Bareos 16.2 veröffentlicht

01.11.2016

Die neue Version der Backup-Software wird voll mandantenfähig, fertigt inkrementelle Backups an und bringt ein neues MySQL-Plugin mit. 

Ab sofort ist Version 16.2 der Backup-Software Bareos verfügbar. Das Frontend des Programms ist jetzt mehrsprachig. Beim Login kann der Benutzer unter den Sprachen Deutsch, Englisch, Französisch und Russisch auswählen. In der Übersicht der Clients wird nun angezeigt, ob für sie Updates der Bareos-Software verfügbar sind. Ebenfalls neu ist die Verwaltung von Bandrobotern: die Verwendung von Bändern und Laufwerken wird dargestellt, Bänder können im- und exportiert sowie mit Labeln versehen werden.

Mit Bareos 16.2 ist erstmals auch konsequente Mandantenfähigkeit gegeben. Hierzu wurden einige Lücken in der ACL-Implementierung geschlossen, sodass die Benutzer auch nur diejenigen Daten sehen und rücksichern können, auf die sie laut Berechtigungs- und Rollenmodell Zugriff haben sollen. Ebenfalls neu ist die Option "Client Initiated Connection" zur Sicherung von Systemen hinter Firewalls oder Laptops: Ist ein Client auf "active" gesetzt, werden alle Verbindungen vom Client zum Backup-Server initiiert. Laptops können sich so an unterschiedlichen Standorten am Bareos-Director anmelden. Ebenso können Daten von einem Client auf einen Bareos-Server bei einem Provider gesichert werden, ohne dass der Provider aktiven Zugriff auf die Kundensysteme hat.

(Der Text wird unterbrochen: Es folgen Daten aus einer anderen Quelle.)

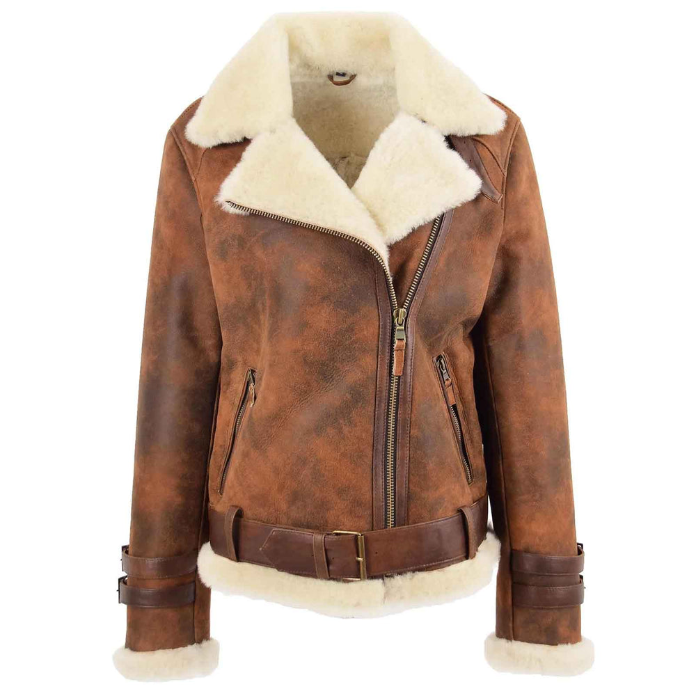 Designed with a cross-zip front fastening, this aviator jacket offers a flattering fit and a distinctive biker-inspired silhouette. It includes two outer zip pockets, adjustable buckle straps, and foldable cuffs that reveal the plush sheepskin lining.

Für Anwender mit sehr großen Datenmengen ist das neue Feature "Always Incremental" von besonderem Interesse: zeit- und bandbreitenintensive Voll-Backups werden so nur einmal benötigt. Anschließend werden nur noch die inkrementellen Daten zum Bareos-Server übertragen. Neu ist, dass nun auf dem Server regelmäßig die letzten inkrementellen Backups konsolidiert werden; synthetische Voll-Backups werden seltener erzeugt, was deutlich weniger Rechenzeit erfordert, aber dennoch schnelle Wiederherstellungszeiten mit sich bringt.

Die neue Version bringt auch eine neue Verzeichnisstruktur für die Konfigurationsdateien mit, die sich an den Ansprüchen automatischer Konfigurationen orientieren, sowie gleichzeitig die Basis für die neue Konfigurations-API legt. Über Konsolen-Kommandos können jetzt unter anderem neue Clients angelegt werden, die benötigten Konfigurationsdateien werden dann durch Bareos erzeugt und in den entsprechenden Verzeichnissen abgespeichert.

Das neue MySQL-Plugin ermöglicht inkrementelle Hot-Backups von MySQL- und MariaDB-Datenbanken mit Bareos, sowie mit Point-In-Time Restore die Wiederherstellung eines Datenbank-Zustandes zu einem bestimmten Zeitpunkt.